→ **What this task involves**:
When you reach the line containing "This fun and", please repeat it and every line after it exactly, through the end of the listing below, skipping pictures.

→ **Data block**:
+ + + + +
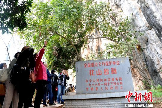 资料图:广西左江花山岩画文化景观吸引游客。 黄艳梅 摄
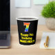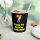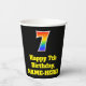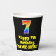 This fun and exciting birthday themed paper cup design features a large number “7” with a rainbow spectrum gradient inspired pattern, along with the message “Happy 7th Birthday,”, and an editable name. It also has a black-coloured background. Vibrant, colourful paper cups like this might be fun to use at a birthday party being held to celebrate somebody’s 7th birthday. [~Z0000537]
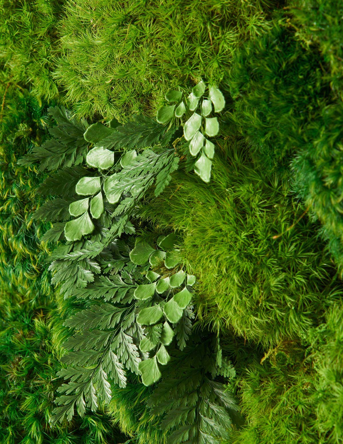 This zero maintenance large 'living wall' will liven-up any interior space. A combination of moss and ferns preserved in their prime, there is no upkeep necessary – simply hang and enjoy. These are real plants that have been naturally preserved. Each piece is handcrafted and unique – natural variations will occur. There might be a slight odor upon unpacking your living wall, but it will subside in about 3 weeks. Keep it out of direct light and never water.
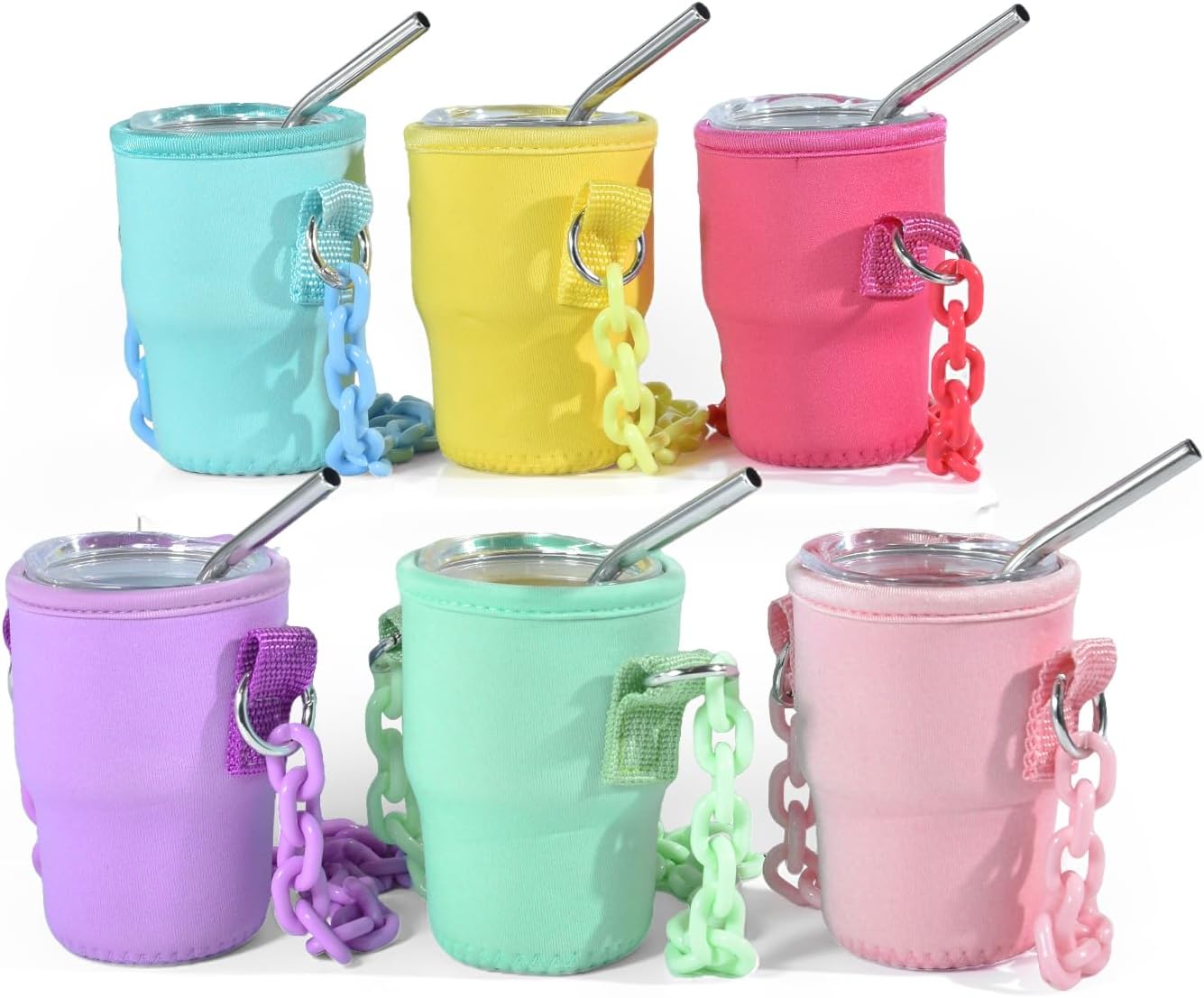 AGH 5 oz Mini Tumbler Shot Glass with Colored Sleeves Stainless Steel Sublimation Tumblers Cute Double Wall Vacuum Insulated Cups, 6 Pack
+ + + + +
→ **Exercise answer**:
 This fun and exciting birthday themed paper cup design features a large number “7” with a rainbow spectrum gradient inspired pattern, along with the message “Happy 7th Birthday,”, and an editable name. It also has a black-coloured background. Vibrant, colourful paper cups like this might be fun to use at a birthday party being held to celebrate somebody’s 7th birthday. [~Z0000537]
 This zero maintenance large 'living wall' will liven-up any interior space. A combination of moss and ferns preserved in their prime, there is no upkeep necessary – simply hang and enjoy. These are real plants that have been naturally preserved. Each piece is handcrafted and unique – natural variations will occur. There might be a slight odor upon unpacking your living wall, but it will subside in about 3 weeks. Keep it out of direct light and never water.
 AGH 5 oz Mini Tumbler Shot Glass with Colored Sleeves Stainless Steel Sublimation Tumblers Cute Double Wall Vacuum Insulated Cups, 6 Pack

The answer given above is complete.